Liputankepri.com,Jakarta – Lebih dari 15 juta ton nikel kadar rendah dan bauksit bakal diekspor menyusul dibukanya kembali ekspor mineral mentah.
Ini berbanding terbalik dengan semangat pembangunan smelter di dalam negeri yang sangat bergantung pada jaminan pasokan mineral mentah.
Pengamat ekonomi pertambangan dari Universitas Indonesia Berly Martawardaya mengungkapkan, argumen paket kebijakan relaksasi ekspor mineral adalah meningkatkan pendapatan negara dan mendorong pertumbuhan perekonomian dengan membuka pintu ekspor mineral mentah sulit diterima.
Kebijakan ini tidak sejalan dengan semangat Pasal 103 dan 170 di UU Minerba yang kedudukannya lebih tinggi dan menetapkan Tahun 2014 sebagai deadline.
Melalui ekspor mineral mentah, Indonesia hanya memperoleh pendapatan dari bea keluar dan royalti. Sementara itu, nilai tambah dari produk turunan bahan mineral mentah dan perluasan lapangan pekerjaan dinikmati negara lain. Belum lagi kerusakan lingkungan yang terjadi karena eksploitasi bentang alam oleh praktik tambang yang tidak ramah lingkungan.
”Indonesia perlu melihat manfaat jangka panjang dan nilai tambah yang berkesinambungan dari pengolahan dan pemurnian mineral untuk kepentingan nasional. Jika tidak memenuhi persyaratan, sebaiknya tidak usah diberi izin ekspor,” ujarnya.
Pengamat Hukum Pertambangan dari Universitas Tarumanegara Ahmad Redi menambahkan, mengacu pada amanat UU Minerba, izin ekspor mineral mentah bagi perusahaan yang belum membangun smelter sebagai tindakan ilegal.
Pada periode 2014 pemerintah telah menerbitkan Peraturan Menteri ESDM No 1 Tahun 2015 yang memberi dispensasi ekspor produk olahan selama tiga tahun. Dispensasi ekspor tersebut ternyata tidak dimanfaatkan perusahaan untuk membangun smelter.
Pemerintah lalu kembali membuka keran ekspor untuk lima tahun ke depan. Sayangnya, tidak ada jaminan yang jelas relaksasi itu dapat memacu pembangunan smelter baru.
”Kalaupun smelter dibangun, tetap sia-sia dan merugikan karena masih diperkenankan ekspor dalam lima tahun mendatang,” kata dia.
Direktur Eksekutif Indonesia Resources Studies (IRESS) Marwan Batubara mengatakan, sebaiknya pemerintah tidak perlu memberikan izin ekspor dan jalankan UU Minerba secara konsisten.

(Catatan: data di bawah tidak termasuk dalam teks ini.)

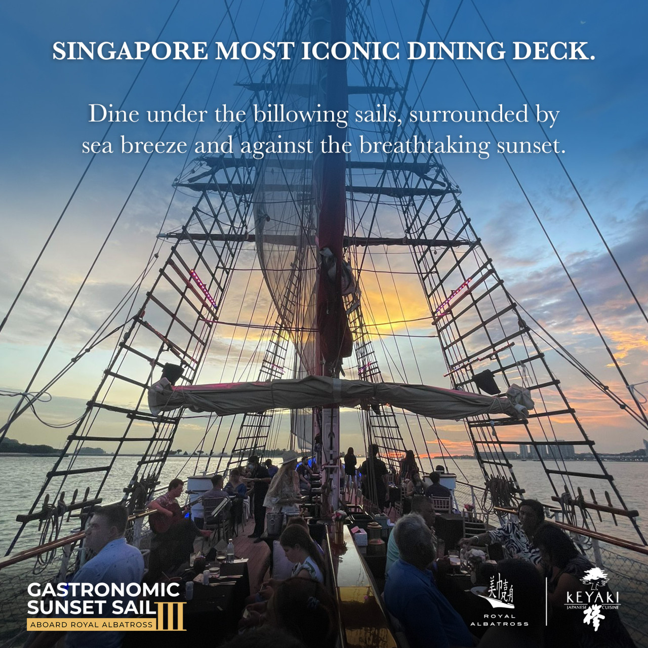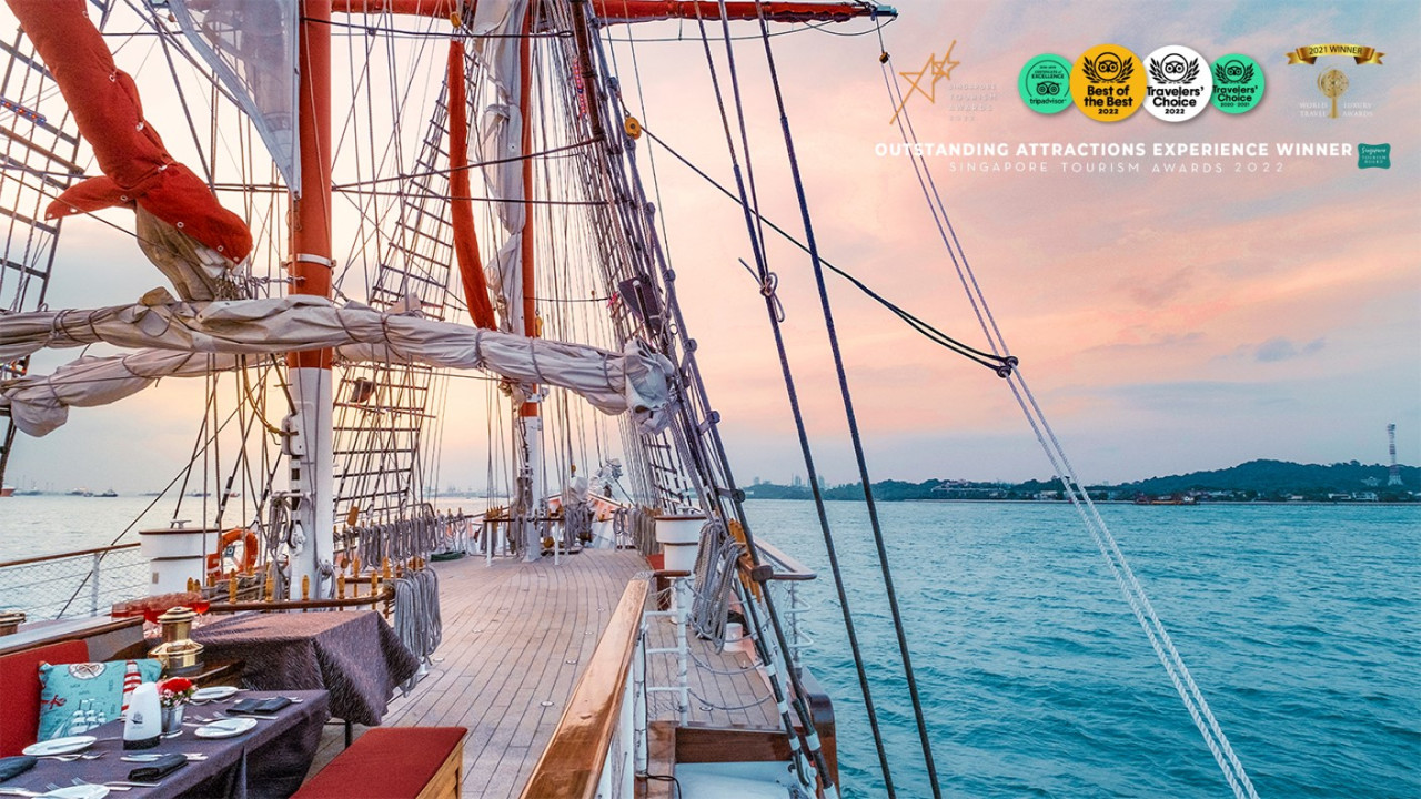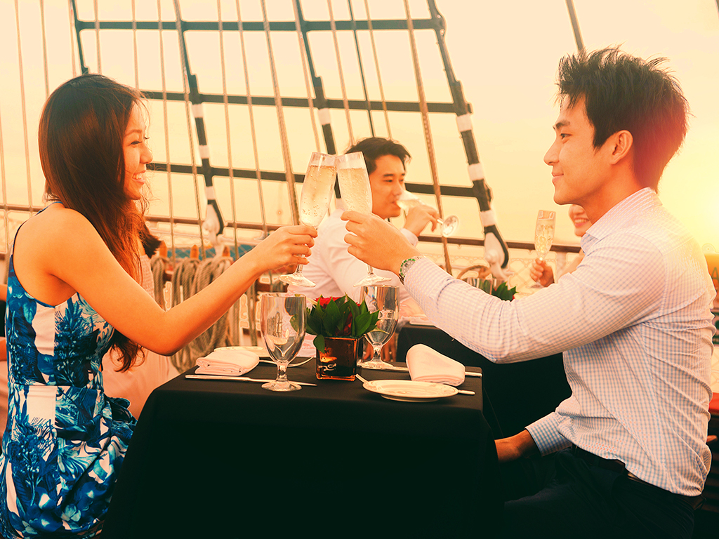 범선 위에서 해 질 무렵 바다를 보며 식사하는 경험이 정말 낭만적이었어요.

Harus ada perubahan paradigma dari perusahaan tambang di Indonesia untuk membangun smelter dan tidak berharap bisa melakukan ekspor. Tidak adanya niat untuk membangun smelter sesuai amanat UU Minerba jelas sangat merugikan negara.

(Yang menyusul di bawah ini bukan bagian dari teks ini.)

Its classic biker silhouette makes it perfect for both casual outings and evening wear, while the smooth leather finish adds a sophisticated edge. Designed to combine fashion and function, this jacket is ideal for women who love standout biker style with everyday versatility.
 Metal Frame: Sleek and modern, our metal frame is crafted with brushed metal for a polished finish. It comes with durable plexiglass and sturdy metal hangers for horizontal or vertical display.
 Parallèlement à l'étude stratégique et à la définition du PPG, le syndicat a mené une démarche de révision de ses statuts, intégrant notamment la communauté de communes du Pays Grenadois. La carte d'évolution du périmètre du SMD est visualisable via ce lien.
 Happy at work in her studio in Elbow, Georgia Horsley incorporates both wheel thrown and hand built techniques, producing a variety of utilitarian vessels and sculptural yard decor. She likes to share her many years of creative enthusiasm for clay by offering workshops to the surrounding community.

Ahmad Redi sepakat bahwa satusatunya cara adalah konsisten menerapkan kebijakan amanat UU Minerba. Tidak boleh ada lagi ekspor mineral mentah. Best porn site https://noodlemagazine.com – Watch porn.
”Jika itu diberikan harusnya hanya untuk perusahaan yang sudah membangun smelter baik itu dibangun sendiri atau bekerja sama dengan perusahaan lain,” tandasnya.